当着这么多人的面哭,初夏觉得自己太没出息了!
她不想这样,但眼泪宛若汹涌潮水,将她覆没。
“你们俩会不会说话啊。”孟际遇蹲下来,环绕住初夏的肩膀,轻轻拍着她的肩头,边帮她擦眼泪边安慰,“初夏,不哭了啊,我待会儿帮你教训他俩。”
初夏也想停止哭泣,但就是控制不住自己。
不是因为他们说她是“保姆”“当牛做马”,是因为他们让她别这样做。
十八年的人生里,从来没有人让她别这样做,看到她这样做的人,不是看热闹,就是嘲笑她。

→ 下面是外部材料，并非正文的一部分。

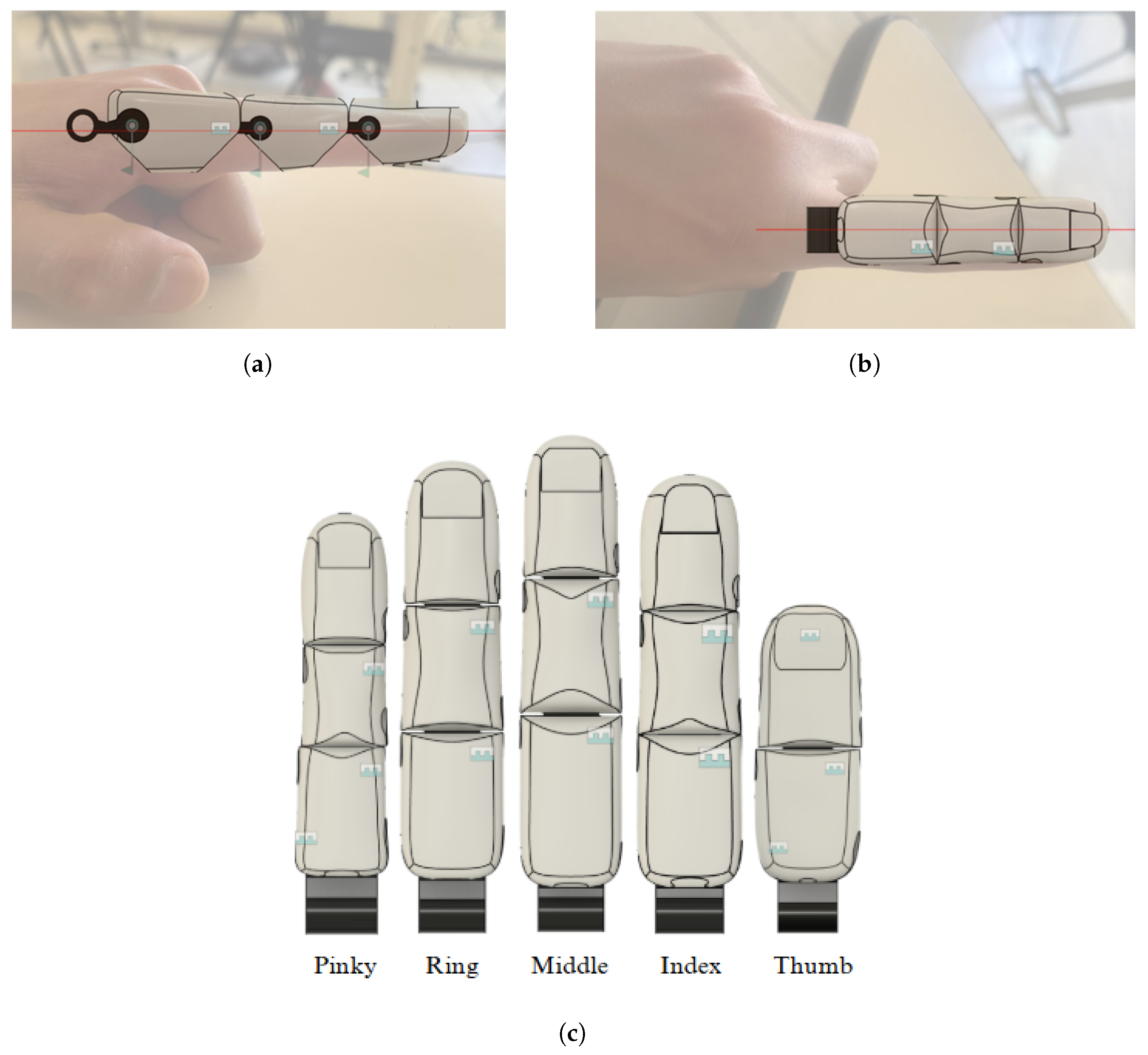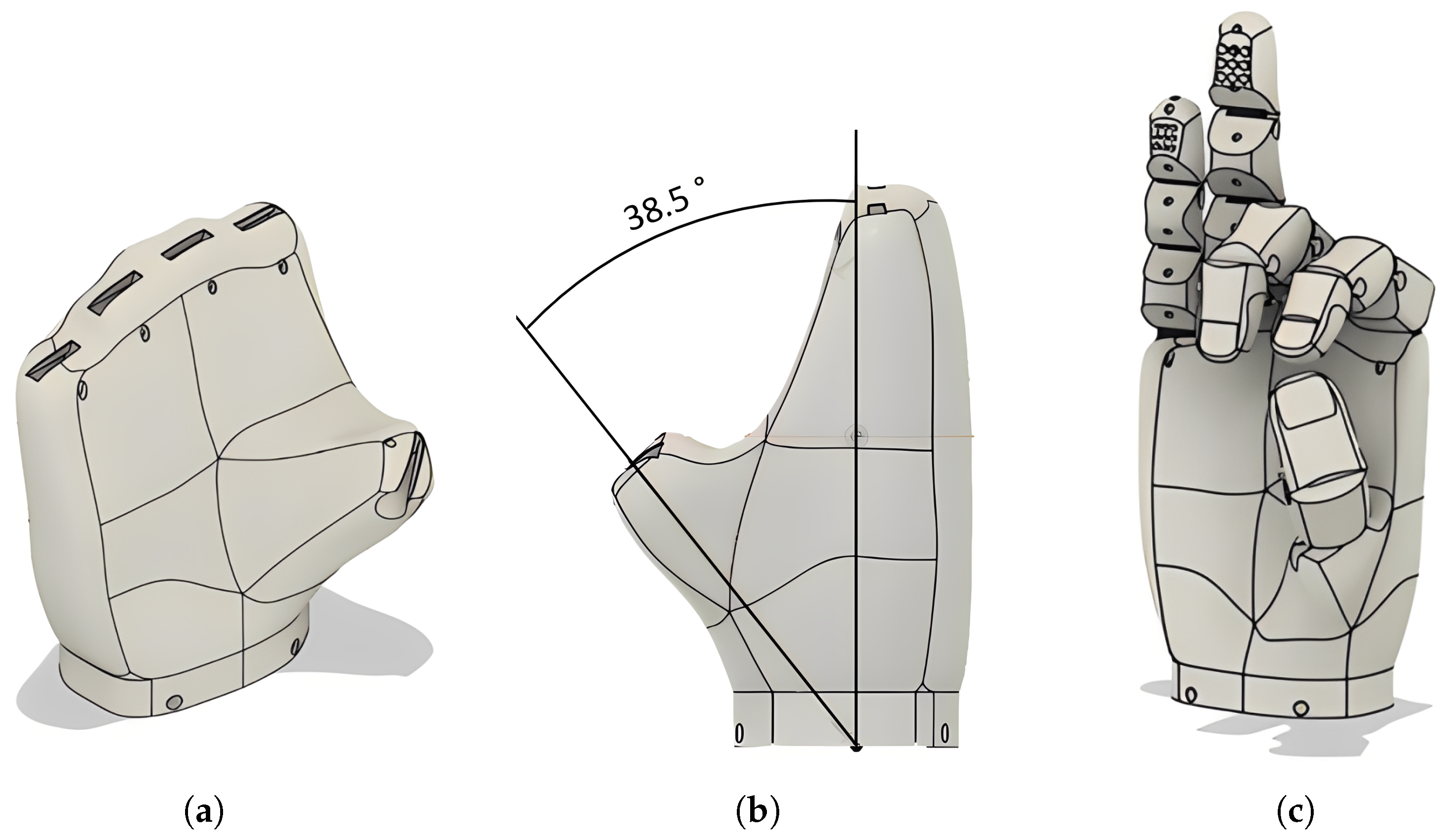 From a mechanical perspective, the soft, tendon-driven design enabled smooth and adaptive motion without relying on additional force, position, or current sensors. This structural simplification reduces system complexity and cost while maintaining functional stability. Furthermore, the geometric design, based on DIN 33402 anthropometric proportions and adjusted using measurements from a real hand, contributed to an improved aesthetic appearance, which is an important factor for user acceptance in daily-use prostheses.

她知道,这个世界很世俗,人人都爱捧高踩低,偏偏她是那个低处的蝼蚁,可以任人嘲讽。
她以为自己这种事做多了就没什么了,但被人这么揭穿,她觉得又委屈又难受。
不相熟的人都看出来她在家里的地位,他们三个人为什么要这样对她?
内心那个反抗的小触角就这么毫无预兆地探出头,戳着她柔软的心脏,弄得她特别不是滋味。
初夏一抬眼,撞进了沈未那双漆黑眼眸,声音哽咽:“沈未,你知不知道,你很讨厌?”
其他几人都怀疑自己是不是听错了,竟然有人跟他们的未哥当面说讨厌?不要命了?
沈未这下要抛弃这个女生了吧,她当不当“保姆”都跟他没关系吧!
然而,他们听到的却是:
“初夏,要不要跟讨厌的人,一起玩?”
这……还是他们认识的那个桀骜不驯的未哥吗?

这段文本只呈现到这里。